November 5, 2007
I've got so much to do in packing to leave Fairhope that it's too bad all I can think of is my own toe. A friend admonished, "Quit whining! It's only a toenail!" but I must say of everybody who heard about this surgery situation he is the only one who couldn't manage even a sympathetic swift intake of breath between the front teeth in empathizing the pain of toenail removal.
Every move I make is dictated by the raw meat that stands where there once was a proud and beautiful toenail. Yesterday I dropped a stack of catalogues I was transferring to the recycle bin on the toe. I also hit that foot against the unnoticed metal bottom of the bed when showing the room in the garage to potential buyers of my house. I was carrying silverware from the dishwasher to the drawer when a knife hit the floor, barely missing the toe. I have become temporarily obsessed with this little square inch of my body. I am grieving the toenail, big time.
But I am planning the move anyway. I contacted the airline on the Internet and reserved my one-way flight. I am assembling moving cartons and looking at them, growing more anxious by the minute. Not anxious that I might be making a mistake, but anxious that I'm making such a big change.
Then there is the matter of saying goodbye. My friends are conferring: How are we to allow this? One wrote the other, "What shall we do when ML leaves, big toe and all. A font of information is gone!!!!" and the other forwarded that comment to me in an email.
He who received the "font of info" email wrote back, "Having met her as we did, and her accepting me and [my wife] as we are, makes her very special to me. Somehow, otherwise we would have never crossed paths. Like her blog intro says, a brainy woman ready for adventure, open to many things. I have not a clue really why she puts up with me, but I have enjoyed it for five or six years. I will miss having the opportunity to be in her company occasionally, and the hope of working together again. She's gotta go, ya know. So far there is none other and may never be. So, me reading a blog and her making rare posts will be something. And, do without,
I guess. [The wife, a Fairhope native] and her growing up friends that are here know stuff but not in the same sorta way, the organic way. She'll have her toe with her, nail or not, seeking new adventure in new surroundings more to her liking."

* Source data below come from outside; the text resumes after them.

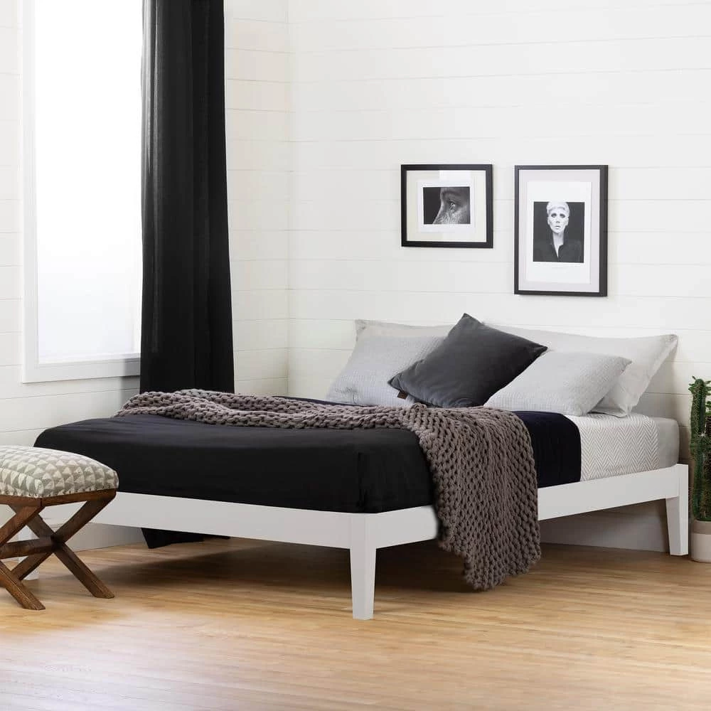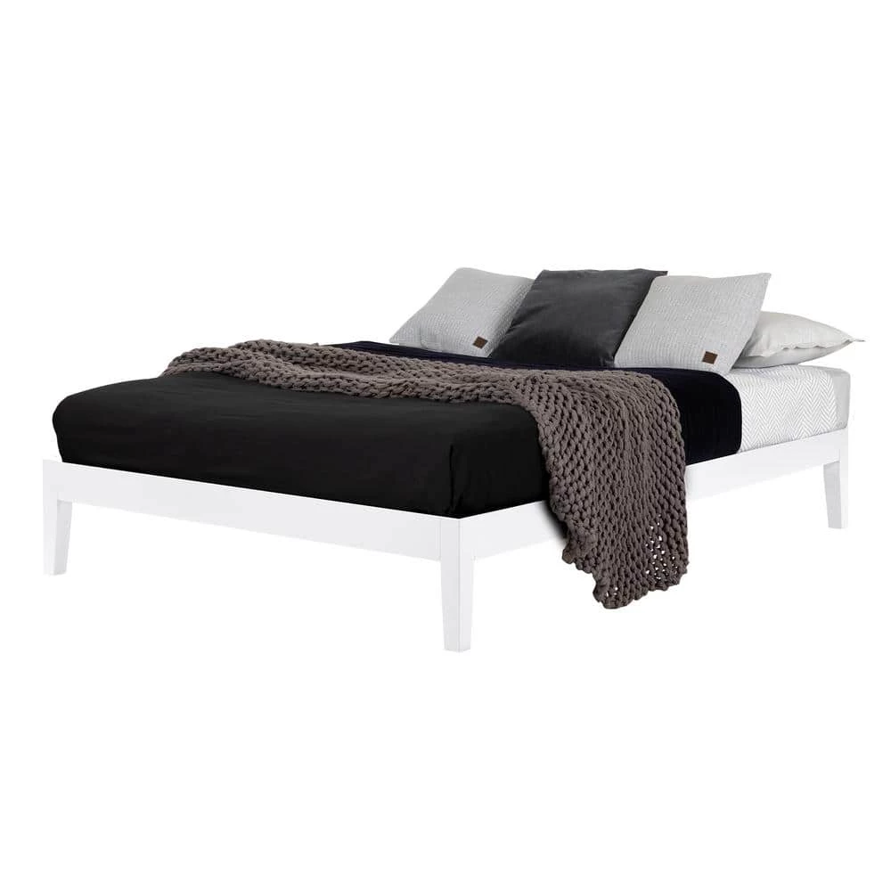 Vito Pure White Queen Size Platform Bed 62.5 in. W by South Shore
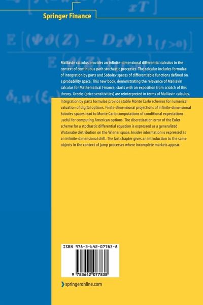 Malliavin calculus provides an infinite-dimensional differential calculus in the context of continuous paths stochastic processes. The calculus includes formulae of integration by parts and Sobolev spaces of differentiable functions defined on a probability space. This new book, demonstrating the relevance of Malliavin calculus for Mathematical Finance, starts with an exposition from scratch of this theory. Greeks (price sensitivities) are reinterpreted in terms of Malliavin calculus. Integration by parts formulae provide stable Monte Carlo schemes for numerical valuation of digital options. Finite-dimensional projections of infinite-dimensional Sobolev spaces lead to Monte Carlo computations of conditional expectations useful for computing American options. The discretization error of the Euler scheme for a stochastic differential equation is expressed as a generalized Watanabe distribution on the Wiener space. Insider information is expressed as an infinite-dimensional drift. The last chapter gives an introduction to the same objects in the context of jump processes where incomplete markets appear.
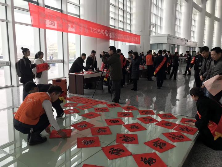 春运首日,走进火车站开展写福字、送春联活动
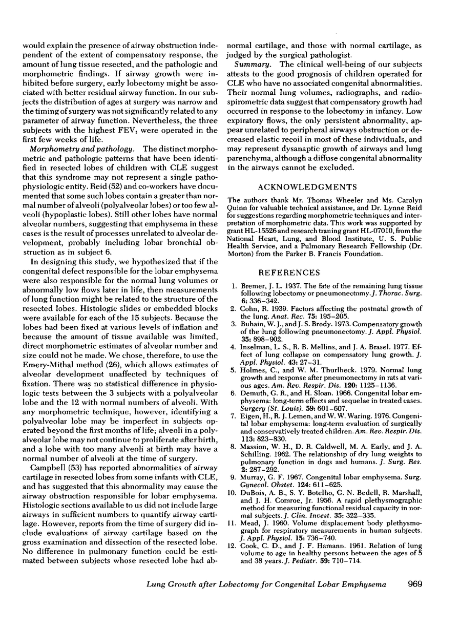 To characterize the outcome of lobectomy in infancy and the low expiratory flows which persist after lobectomy for congenital lobar emphysema, 15 subjects with this history were studied at age 8-30 yr. Total lung capacity was normal in all, but higher values (P < 0.05) were observed in nine subjects with upper lobectomy than in five subjects with right middle lobectomy. Ratio of residual volume to total lung capacity was correlated (P < 0.05) with the amount of lung missing as estimated from normal relative weights of the respective lobes. Xe133 radiospirometry in eight subjects showed that the operated and unoperated sides had nearly equal volumes at total lung capacity, but that the operated side was larger than the unoperated side at residual volume. Perfusion was equally distributed between the two sides. Similar findings were detected radiographically in four other subjects. Forced expiratory volume in 1 s and maximal midexpiratory flow rate averaged 72 and 45% of predicted, respectively. Low values of specific airway conductance and normal density dependence of maximal flows in 12 subjects suggested that obstruction was not limited to peripheral airways. Pathologic observations at the time of surgery and morphometry of the resected lobes were not correlated with any test of pulmonary function.
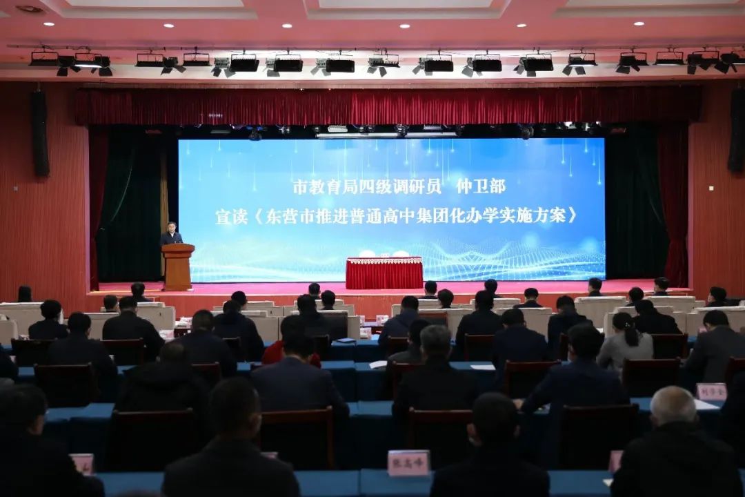 仪式由垦利区委副书记、区长解洪涛主持,市教育局四级调研员仲卫部宣读了《东营市推进普通高中集团化办学实施方案》。
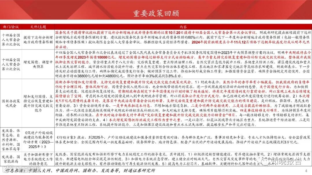 本周十四届批准了关于增发国债和调整中央预算的决议,明确上调赤字率0.8个百分点,中央加杠杆1万亿元,通过公开发行国债的方式筹集资金,以转移支付方式下达地方,支持灾后恢复重建和提升防灾减灾救灾能力。
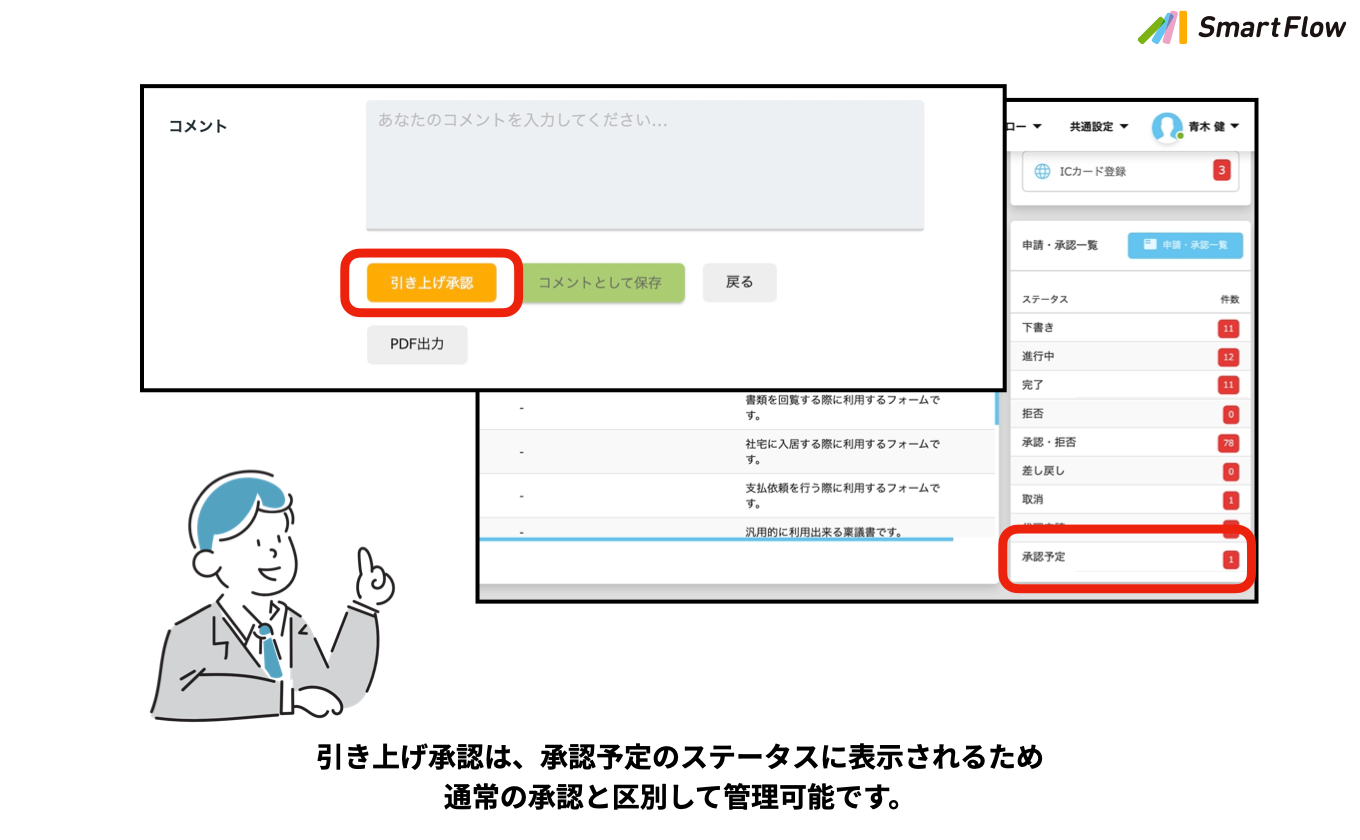 業務改善プラットフォームSmartFlowは、引き上げ承認機能をリリースしました。

I suddenly felt like Dorothy in The Wizard of Oz , getting in that balloon with Toto and realizing what she was leaving behind. Was this friend my Wizard, or my cowardly lion? Not the scarecrow or the tin man, I am certain of that. But I could see my group of friends in all those roles. And I remembered being quoted in a newspaper interview when I first returned to Fairhope 19 years ago, saying, "I feel like Dorothy returning from Oz -- there's no place like home!"
Now Fairhope is Oz, and I'm getting in the balloon which has Delta written on its side at the Pensacola airport on November 30, to take off for unknown lands as well as known ones.
I would be abnormal indeed if I didn't have some apprehension amid the excitement of change coupled with the rush of a new phase of my life all at once. I'll have a sore toe, but I can deal with that. I'll have a lot of new tasks to face, and I can deal with them too even with the toe condition.
But what will I do when I'm looking for a familiar face among all the new ones? What will happen in Hoboken to diminish the magic of Fairhope?
Where have all the munchkins gone?
3 comments:
Wizard...wow...or maybe shucks, he is a fraud, a gimmick. Lion more likely, seeming fearless yet trembling in my skin though facing down whatever evil is before me. Wizard ,eh.
Now, let me see...Dorothy loved them all, and even though he was revealed to be a master of hokum, the Wizard was good at heart and the creator of a rather fabulous little universe. The lion was lovable and brave in his insecure way. The scarecrow was floppy and adorable and wise enough to protect and love those around him. And the tin man, although stiff and seemingly cold, had a warm place in him that turned out to be a heart.
Then there were the munchkins, who watched with delight as the odd trio tackled all the flying monkeys, good and bad witches, argumentative apple trees, and the other denizens of the environs of the Emerald City.
Readers, do you know who you are?
hmmmmmmmm.......wizards, flying monkeys, protective scarecrows, and a digital deformity to boot
(maybe). Our li'l Dorothy might be
doing mushrooms. When the buzz wears off, will the ooozing humanity of the crowded urban
metropolis warm the heart and bring tears of love? You betcha!?
The gleam and glitter of the emerald city made Dorothy forge ahead with all speed leaving her travel companions better off than before they met. Yet, the emerald city airship ride dumped her back where she came from, surrounded by the ones that loved her.
Could be that throbbing toe might remind you of the hearts left behind, the ones who wish the glitz of the emerald city to be at your finger tips, but not in the glamour of open toed shoes. Things
are not always as they seem upon attainment when they are sought after with too much intensity; the journey , not the destination.